1 files changed, 118 insertions, 0 deletions
diff --git a/docs/databases.txt b/docs/databases.txt
new file mode 100644
index 0000000..254674e
--- /dev/null
+++ b/docs/databases.txt
@@ -0,0 +1,118 @@
+- The storage for HA datbases is problematic. There is several ways to organize storage. I list major 
+  characteristics here (INNODB is generally faster, but takes about 20% more disk space. Initially it
+  significantly faster and takes 5x disk space, but it normalizes...)
+
+ Method         Database                Performance     Clnt/Cache      MySQL           Gluster         HA
+ HostMount      MyISAM/INNODB           8 MB/s          fast            250%            -               Nope. But otherwise least problems to run.        
+ Gluster        MyISAM (no logs)        1 MB/s          unusable        150%            600-800%        Perfect. But too slow (up to completely unusable if bin-logs are on). Slow MyISAM recovery!
+ Gluster/Block  MyISAM (no logs)        5 MB/s          slow, but OK    200%            ~ 50%           No problems on reboot, but requires manual work if node crashes to detach volume.
+ Galera         INNODB                  3.5 MB/s        fast            3 x 200%        -               Should be perfect, but I am not sure about automatic recovery...
+ MySQL Slaves   INNODB                  6-8 exp.        fast                                            Available data is HA, but caching is not. We can easily turn the slave to master.
+ DRBD           MyISAM (no logs)        4-6 exp.        ?                                               I expect it as an faster option, but does not fit complete concept.
+ 
+
+ Gluster is a way too slow for anything. If node crashes, MyISAM tables may be left in corrupted state. The recovery will take ages to complete.

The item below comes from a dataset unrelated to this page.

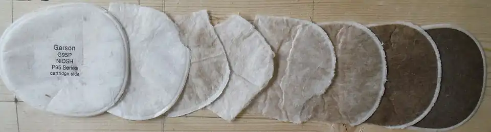 27. ^ Lee, Byung Uk; Yermakov, Mikhail; Grinshpun, Sergey A. (2005). "Filtering Efficiency of N95- and R95-Type Facepiece Respirators, Dust-Mist Facepiece Respirators, and Surgical Masks Operating in Unipolarly Ionized Indoor Air Environments" (PDF). Aerosol and Air Quality Research. 5 (1): 25–38. doi:10.4209/aaqr.2005.06.0003. Archived (PDF) from the original on 20 January 2022. Retrieved 4 July 2024.

+The Gluster/Block is faster, but HA suffers. The volume is attached to the pod running on crashed node. It seems not detached automatically until
+the failed pod (in Unknown state) is killed with 
+    oc -n adei delete --force --grace-period=0 pod mysql-1-m4wcq
+Then, after some delay it is re-attached to the new running pod. Technically, we can run kind of monitoring service which will detect such nodes
+and restart. Still, this solution is limited to MyISAM with binary logging disabled. Unlike simple Gluster solution, the clients may use the system
+while caching is going, but is quite slow. The main trouble is MyISAM corruption, the recovery is slow. 
+
+ Galera is slower when Gluster/Block, but is fully available. The clients have also more servers to query data from. The cluster start-up is a bit
+tricky and I am not sure that everything will work smoothely now. Some tunning may be necessary. Furthermore, it seems if cluster is crashed, we 
+can recover from one of the nodes, but all the data will be destroyed on other members and they would pull the complete dataset. The synchronization
+is faster when caching (~ 140 MB/s), but it wil still take about 10 hours to synchronize 5 TB of KATRIN data.
+ 
+So, there is no realy a full HA capable solution at the moment. The most reasonable seems compromising on caching HA.

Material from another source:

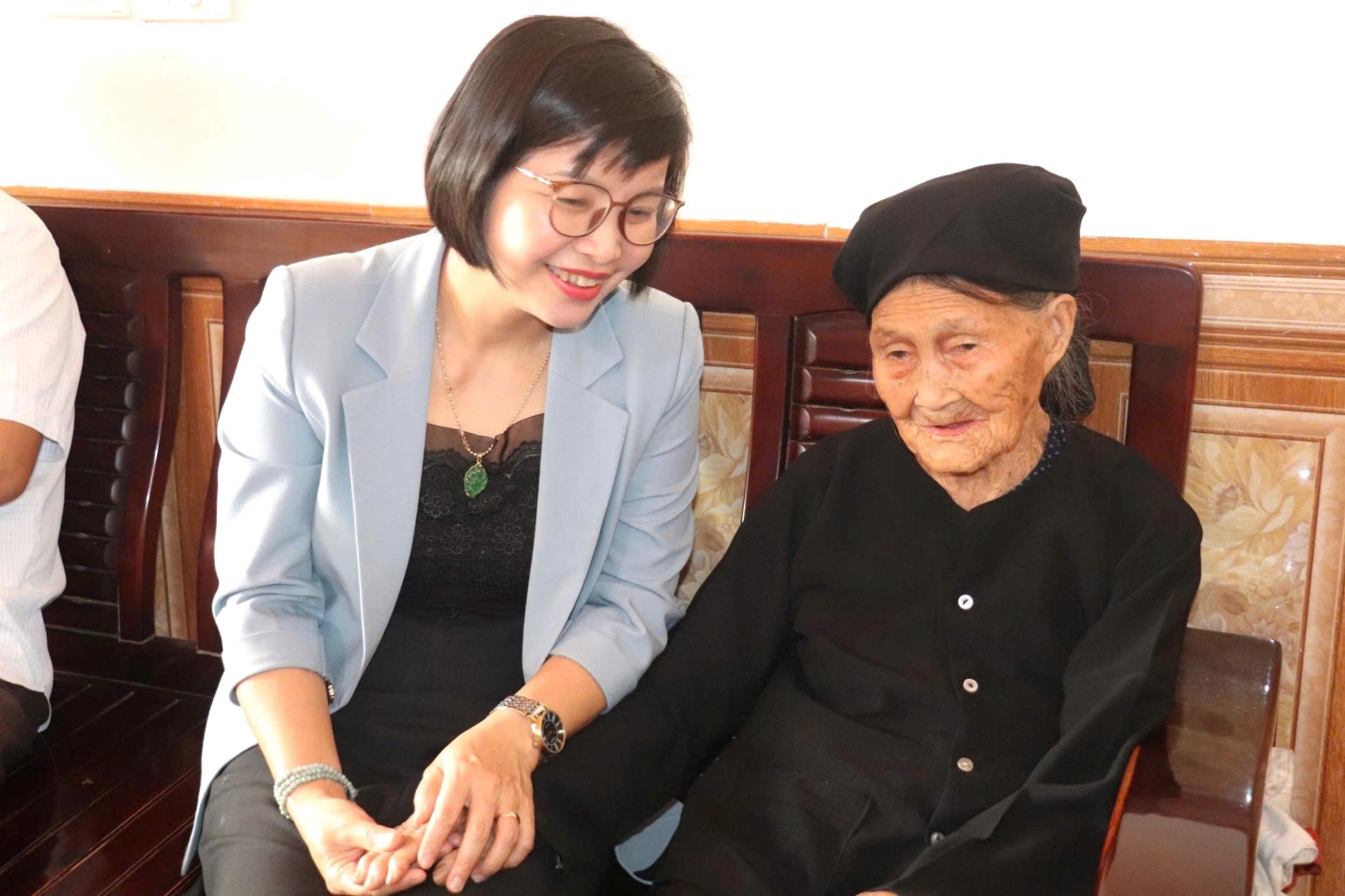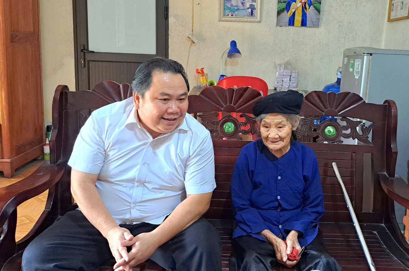 Đồng chí Phạm Minh Huệ, Phó Bí thư Đảng ủy, Chủ tịch UBND xã thăm, chúc thọ bà Lộc Thị Ảnh, thôn Già Nàng, xã Lợi Bác

+ - MySQL with slaves.  The asynchronous replication should be significantly faster when Galera. The passthrough to source databases will be working 
+ (i.e. status displays), current data is available. And we can easily switch the master if necessary.
+
+The other reasonable options have some problems at the moment and can't be used.

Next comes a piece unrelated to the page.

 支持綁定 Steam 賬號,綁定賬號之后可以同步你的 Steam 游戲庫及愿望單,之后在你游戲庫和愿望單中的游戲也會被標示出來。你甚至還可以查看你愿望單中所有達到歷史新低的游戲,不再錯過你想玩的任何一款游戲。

+ - Galera. Is a fine solution, but would need some degree of initial maintenance to work stabily. Furthermore, the caching is quite slow. And the 
+ resync is a big issue.
+ - Gluster/Block would be a good solution if volume detachment is fixed. As it stands, we don't have HA without manual intervention. Furthermore, the
+ MyISAM recovery is quite slow.
+ - HostMount will be using our 3-node storage optimally. But if something crashes there is 1 week to recache the data.
+
+Gluster/Block
+=============
+ The idea is pretty simple. A standard gluster file system is used to store a 'block' files (just a normal files). This files are used as block devices
+ with single-pod access policy. GFApi interface is used to access the data on Gluster (avoiding context switches) and is exposed over iSCSI to the clients.
+
+ There are couple of problems with configuration and run-time.
+ - The default Gluster containers while complain about rpcbind. We are using host networking in this case and the required ports (111) between container
+ and the host system conflicts. We, however, are able just to use the host rpcbind. Consequently, the rpcbind should be removed from the Gluster container
+ and the requirements removed from gluster-blockd systemd service. It is still worth checking that the port is accessible from the container (but it 
+ should). We additionally also need 'iscsi-initiator-utils' in the container.
+
+ - Only a single pod should have access to the block device. Consequnetly, when the volume is attached to the client, other pods can't use it any more.
+ The problem starts if node running pod dies. It is not perfectly handled by OpenShift now. The volume remains attached to the pod in the 'Unknown' state
+ until it manually killed. Only, then, after another delay it is detached and available for replacement pod (which will struggle in ConteinerCreating 
+ phase until then). The pods in 'Unknown' state is not easy to kill. 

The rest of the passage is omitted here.